Harvard physicist Avi Loeb agrees. Loeb told Daily Beast That spaceship theory is still holding. Even the Chinese researchers in the original paper downplayed the odd angle acknowledging that it could still be a craft of some sort:
So, because Oumuamua is slithering through the solar system, it should have been really bright at some points – and all but invisible at others. And during ‘Oumuamua she did It gets brighter and darker than ours on its strange journey, it didn’t light up EnoughShangfei said. “If it was an optical sail, the brightness contrast should be much greater.”

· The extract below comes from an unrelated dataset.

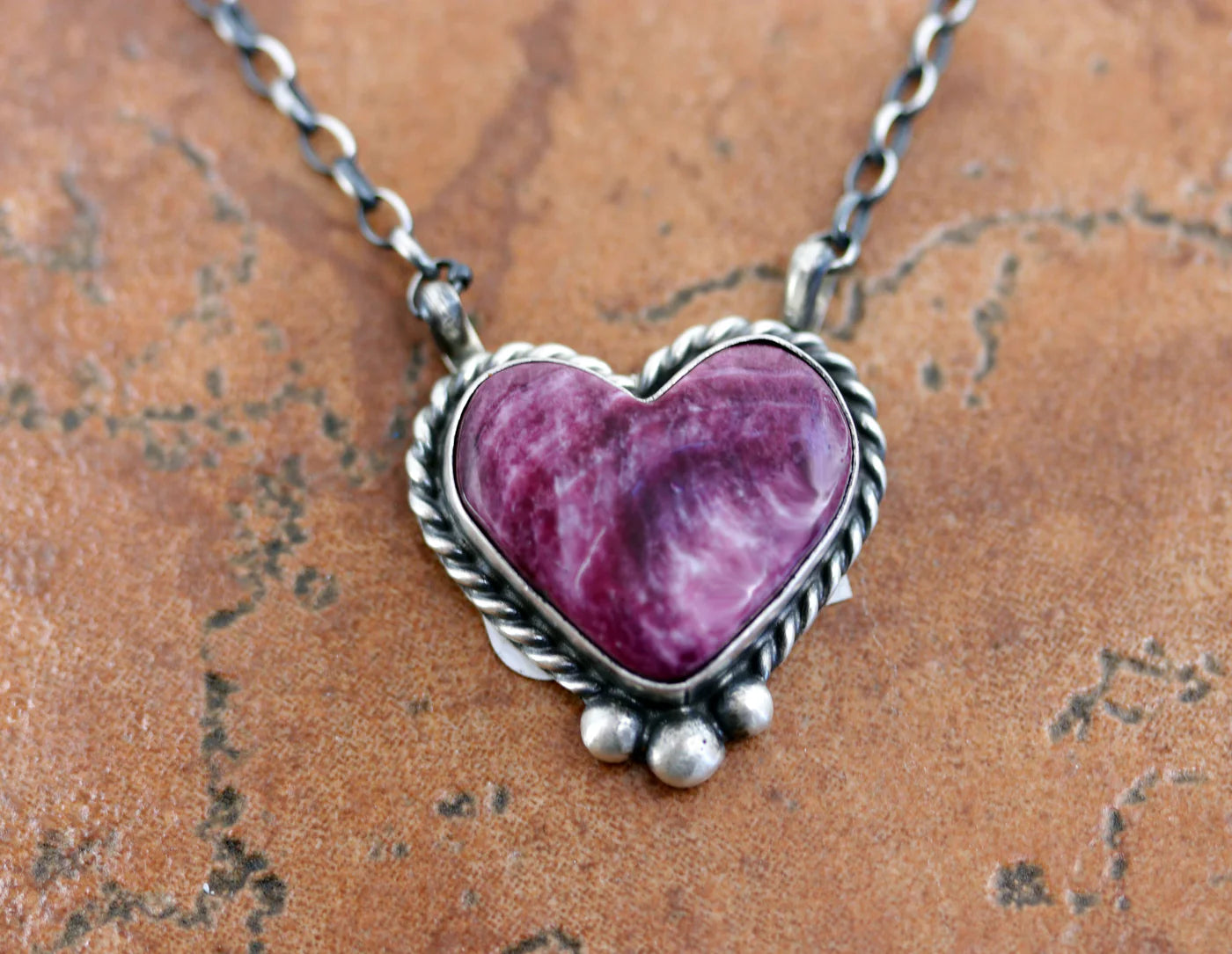 Sterling Silver Navajo Purple Spiny Oyster Heart Necklace

But Loeb said another explanation for Oumuamua’s relative darkness is the shape of the possible sail. Chinese scientists hypothesize that if Oumuamua was a light-sail vehicle, it would have a flat-sail. A flat sail reflects more light at its brightest moment than, for example, a concave sail.
The sail “doesn’t have to be flat,” Loeb explained. He noted that he’s working with the Breakthrough Initiative, a science startup founded by Russian-Israeli billionaire Yuri Borisovich, in the form of an umbrella as part of the Starshot spacecraft project.
The controversy surrounding a possible sail shape may be moot. “Oumuamua could be a spacecraft ‘in other forms,'” Shangvi admitted. In other words, it may not have a sail at all – and may instead rely on another type of propulsion system.
I didn’t think other scientists would have to insist that their colleagues use more imagination but I do think it does. All I’m saying is, it might not be a spacecraft, but wouldn’t it be cooler if it was? Be realistic, folks.